Bâti sur 5 hectares, le cimetière de comoyah, situé dans la sous-préfecture de damakania, préfecture de Kindia, fait peau neuve ce lundi 21 juillet 2025, grâce à l’un de ses fils. Ce lieu sacré était conforté à l’action de l’homme où certains profitaient pour construire ou vendre quelques parties de la parcelle.

Longtemps laissé à la portée de tous et de la nature, le cimetière de Comoyah, bâti sur une superficie de 5 hectares 400, est aujourd’hui presque clôturé pour protéger ce lieu sacré face à l’action de l’homme sur cet endroit qui est en train de diminuer en superficie.
Sékou Comoyah Sylla, est l’initiateur de cette œuvre citoyenne, malgré ses maigres moyens. ‘’Depuis un peu longtemps, notre cimetière est là. Les gens construisent par-ci, par-là. J’ai été poussé de mettre la clôture. Maintenant, je mets les portes, je ferme, pour que demain, après-demain, qu’il n’y ait pas de pagaille, parce que la terre est devenue de l’argent.

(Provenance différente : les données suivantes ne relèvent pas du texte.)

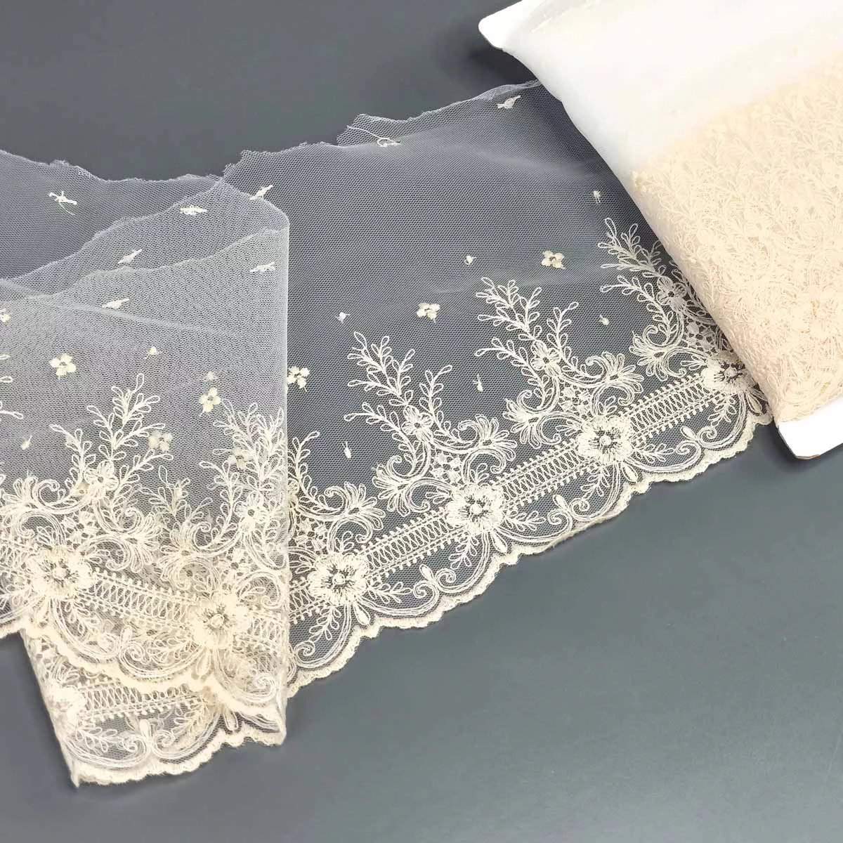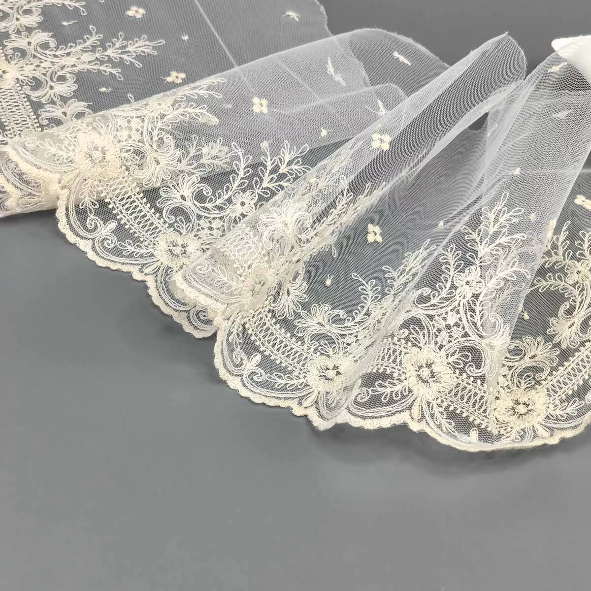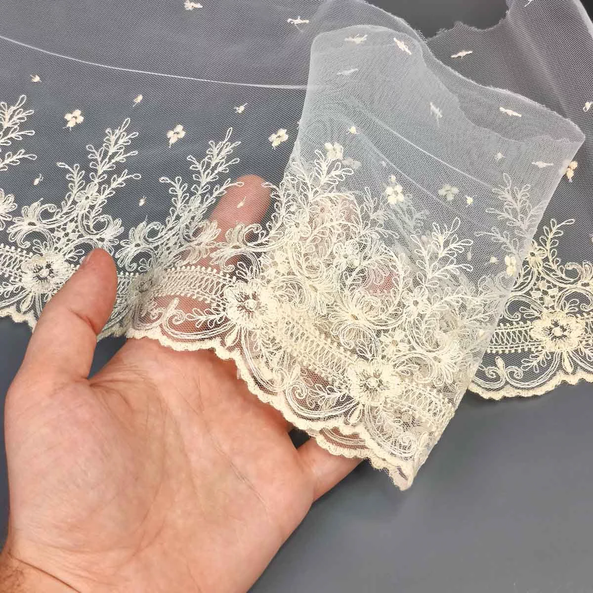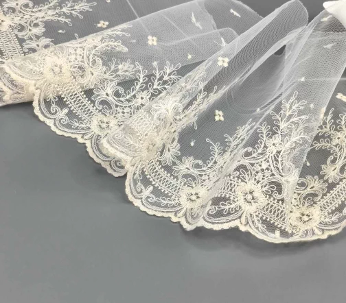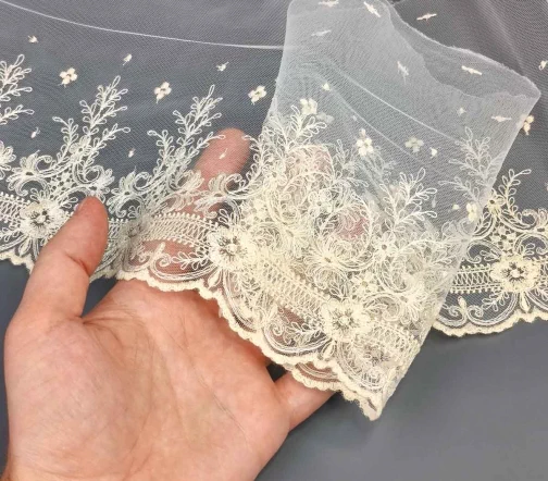 Вышивка выполнена матовыми полиэстеровыми нитями №110. Тюль-основа из 100% полиэстера имеет запас на растяжимость, не дает стягивания швов, края не осыпаются. Применяется для отделки свадебных и нарядных женских платьев. Также применяется для отделки женских платьев, юбок и жакетов из легких и средней плотности тканей, например сукна и габардина; великолепно подходит для отделки женского белья и одежды из трикотажа; изысканно смотрится как отделка вязаных изделий. Кружево на тюле мягкое, удобно в носке и легкое в уходе, не мнется. Стирать в режиме деликатной стирки, сушить в расправленном виде, гладить с изнаночной стороны на 1 или 2 температурном режиме.

Donc, les gens, même s’ils voient une portion de terrain, ils vont récupérer pour vendre. J’ai dit que vraiment, quand je laisse le terrain là vide comme ça là, un jour viendra, ça trouvera qu’on n’a pas de cimetière. Et aujourd’hui, c’est eux, demain, c’est nous. C’est ce qui m’a poussé à le faire. Je n’ai pas de grands moyens, mais le peu que j’ai, j’investis avec courage, parce que, quel que soit le prix, je vais mourir un jour et ils vont m’envoyer ici’’, a-t-il expliqué.

Ce n’est pas le seul problème dont sont confrontés les habitants de comoyah. Le manque d’infrastructures de base en est un autre facteur palpable. C’est pourquoi, notre interlocuteur lance un appel aux citoyens de la localité à se donner ses mains, pour le développement de Comoyah.
‘’Je prie tous les comoyakas, qui peuvent faire quelque chose, de venir au secours, pas ici, mais on commence autre chose. Parce qu’aujourd’hui, moi je suis sur le cimetière, hier, c’est feu Kabinet Camara qui a fait entrer le courant à Comoyah. Moi, je prie tous les citoyens, tous les fils dignes de Comoyah, ils n’ont qu’à venir, on s’entraide. Moi, j’ai clôturé le cimetière. Quelqu’un peut sortir aussi, il termine la mosquée. On n’a pas d’hôpital, on n’a pas de maison des jeunes. Bref, des infrastructures de base, il y a beaucoup qui manque chez nous ici’’, a-t-il lancé.
Depuis Kindia, Amara dji SYLLA, pour Lerevelateur224.com.